SALT LAKE CITY (AP) — American defender Mark McKenzie was subjected to racial abuse on social media following his team’s 3-2 victory over Mexico in the CONCACAF Nations League final.

“The amount of racial abuse and personal attacks on myself and family from ‘supporters’ and ‘non supporters’ just ain’t it,” McKenzie, who is Black, wrote on his Instagram Stories late Monday.

The posting included an example of the abuse.

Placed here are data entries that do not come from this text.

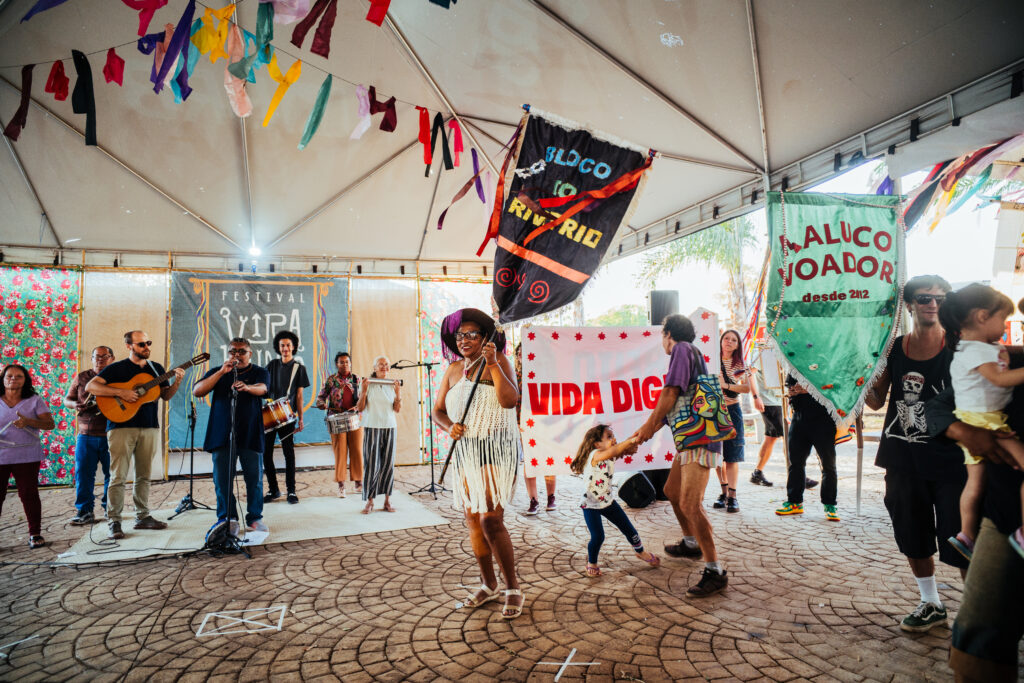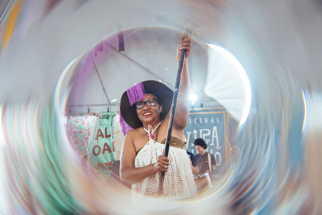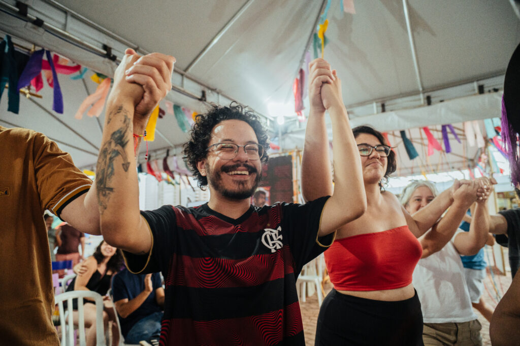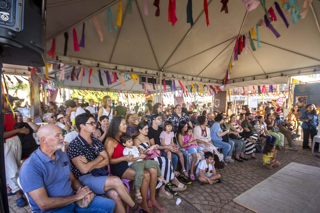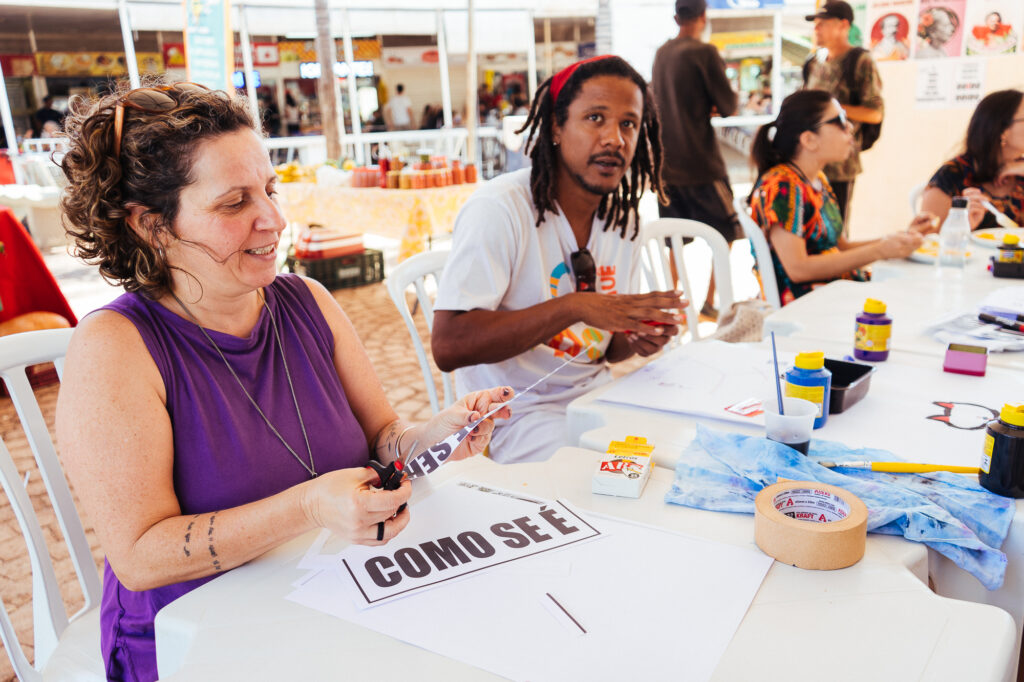 Uma coisa me chamou a atenção. Mesmo quando a gente não estava com atividades, muitas pessoas iam lá ou pra ficar no ambiente, ou pra olhar a exposição dos estandartes. Então, essa era a ideia, de ser um espaço de convivência. Assim, o festival foi muito bem-sucedido em todas as camadas.
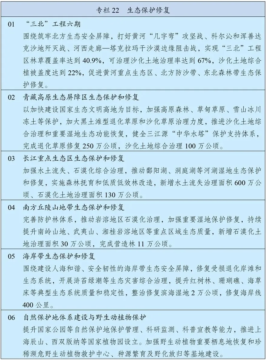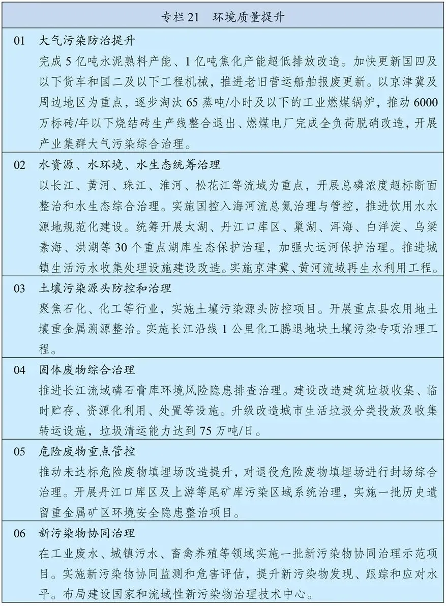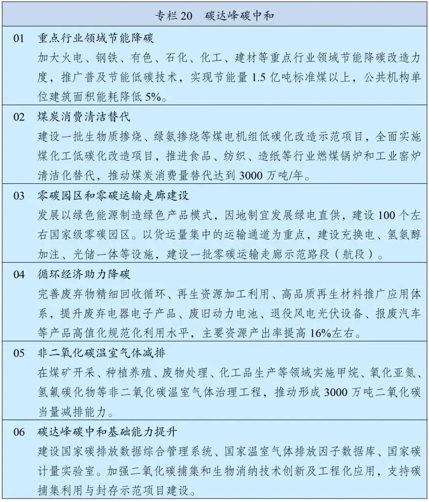 5.绿色低碳方面5项指标:原文指出,绿色低碳方面,围绕降碳减污、生态环保等提出5项指标。也就是表格中的单位GDP二氧化碳排放降低、非化石能源占能源消费总量比重、地级以上城市PM2.5浓度、优良水体比例、森林覆盖率。这里面的基本逻辑就是降碳、减污、扩绿、增长。其中单位GDP二氧化碳排放降低是降碳,非化石能源占能源消费总量比重既是降碳、也是减污、还是增长(比如新能源相关产业),地级以上城市PM2.5浓度、优良水体比例这两项指标分别从空气和水的角度确保减污,森林覆盖率体现的是扩绿。
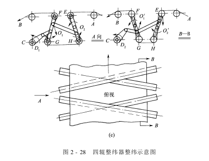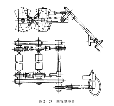 The four-roller weft straightener shown in Figure 2-27 is a commonly used one in China. It is mainly composed of four weft straightening rollers and an adjusting mechanism. Each weft-setting roller is connected by double-row radial spherical ball bearings and two sets of connecting rods.
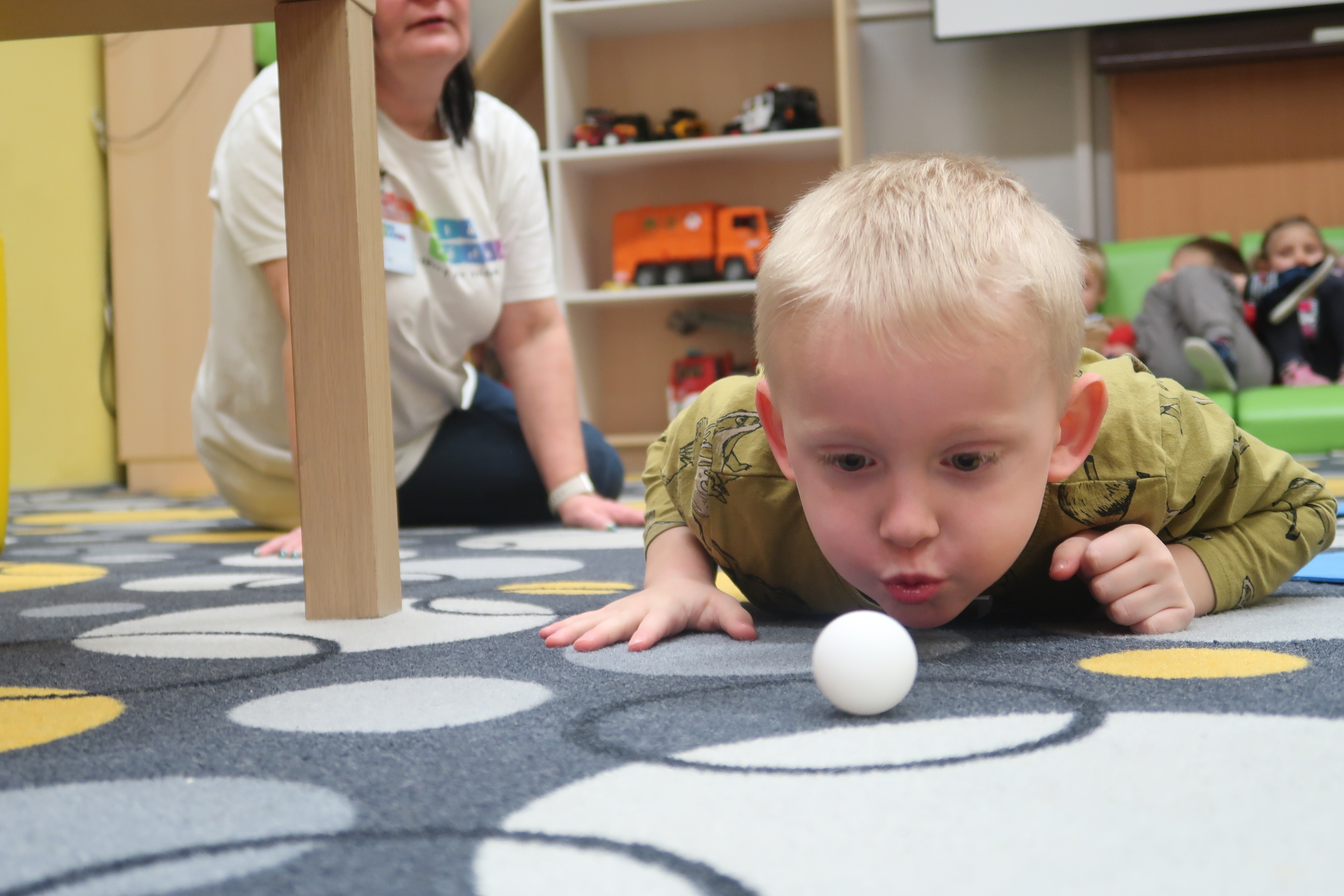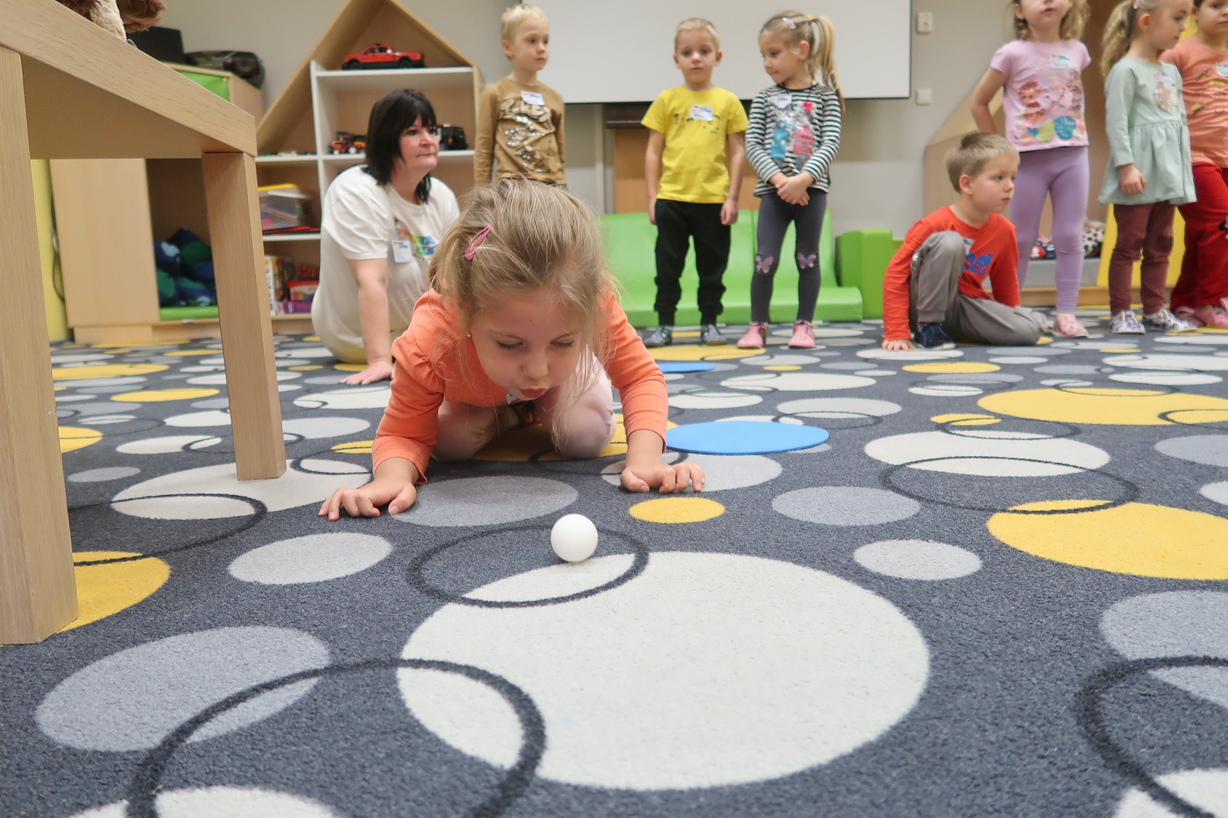 kto potrafi najlepiej dmuchać do piłeczki...
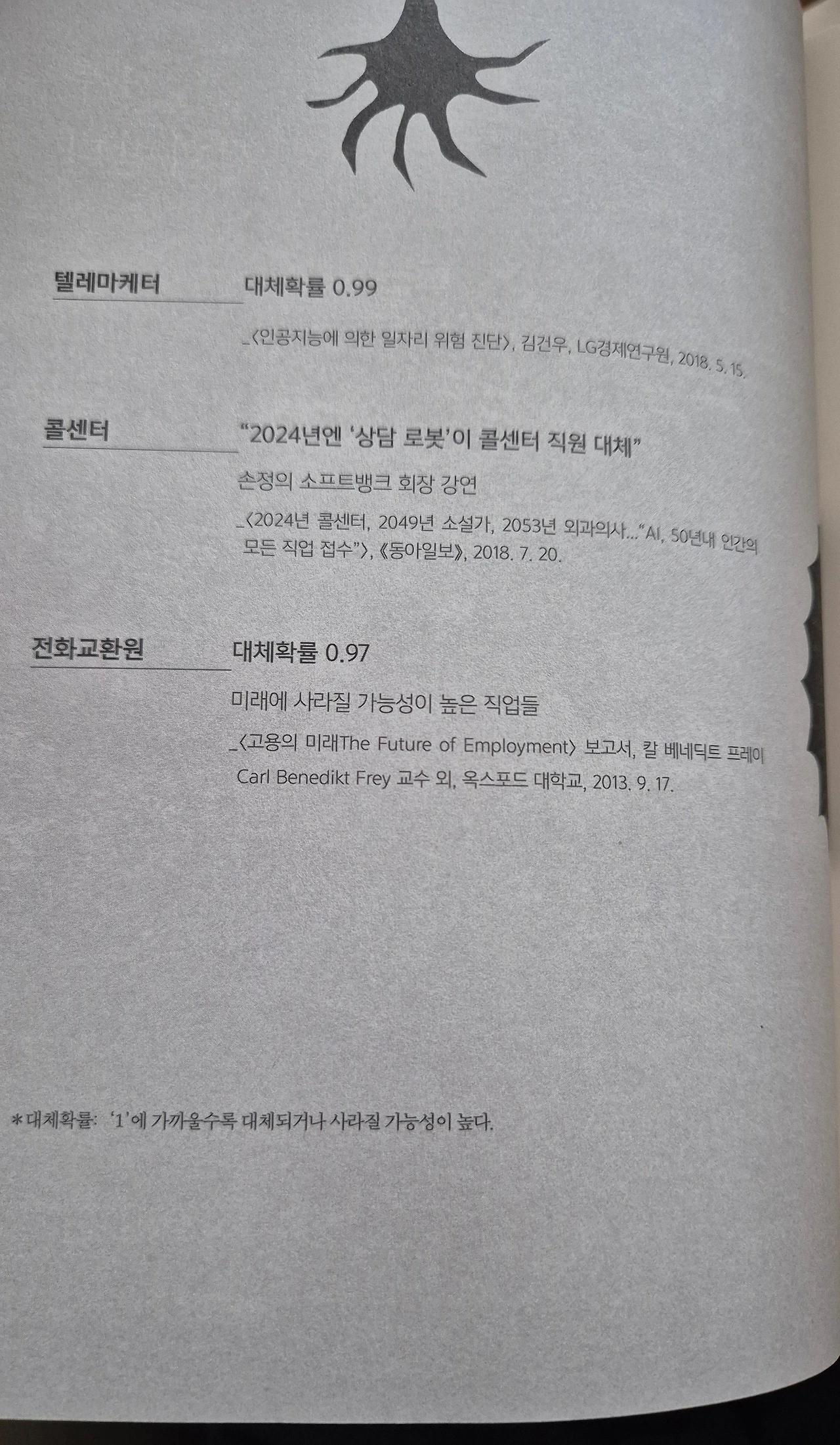 각 단원은 종말에 가까운 직업을 동사로 주제화하였고, 첫머리는 그 단원에 나오는 직업의 대체 확률을 적어놓는다.
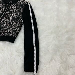 Cute bomber style jacket with black lace detail over a nude base. Can easily be dressed up or down for any occasion. Excellent condition, size small.
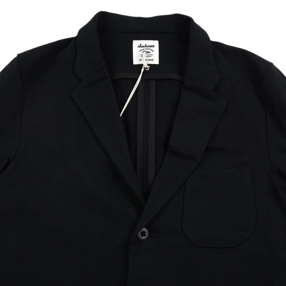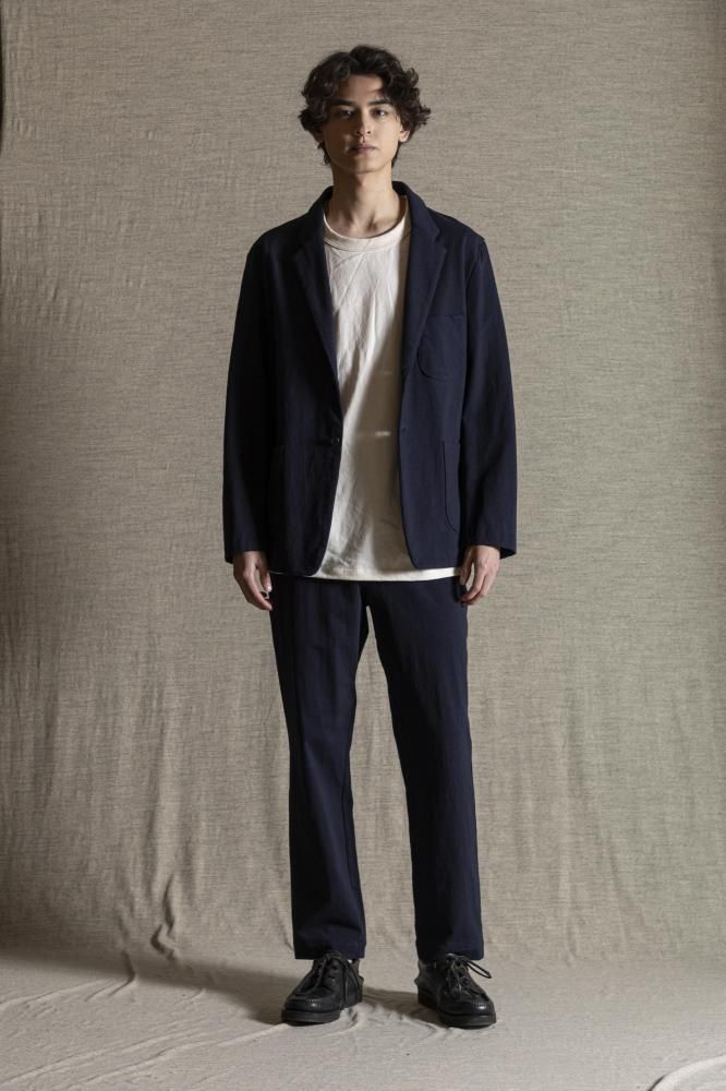 伸縮性の高いポリウレタン糸を綿糸でカバーリングした糸を高密度で編立てた素材を使用したテーラードジャケットです。肌触りは綿特有の柔らかさがありますが、高密度で編み立てることでハリ感が出て季節を問わず着用できます。度目をしっかり詰めることで肘の抜けがほとんどなく型崩れも起きにくいのが特長です。またストレッチ天竺素材は着用時に窮屈感がなく、身体の動きに合わせて適度に伸縮しますので動きやすく、光沢感を抑えることで同素材のトラウザー(JM4955)と組み合わせてビジネスでも着用できます。

“The racial abuse and attacks on myself, my teammates and our families just isn’t acceptable — not as athletes, not as HUMANS,” McKenzie added on Twitter on Tuesday night, capitalizing for emphasis. “There’s no denying it wasn’t my greatest performance in a massive match. I accept that. Mistakes aside, the remarks DURING and AFTER the match have no place in the beautiful game we love or in spaces supposed to unite. Supporters or non supporters, fans or not ... it’s about having respect for your fellow brothers and sisters from various corners of the earth because our diversity is what makes us so powerful. We as a people MUST do better and the organizations and corporations with the power to hand out repercussions NEED to step up and be held accountable as well. No more lip service — your either for positive change or part of the problem.”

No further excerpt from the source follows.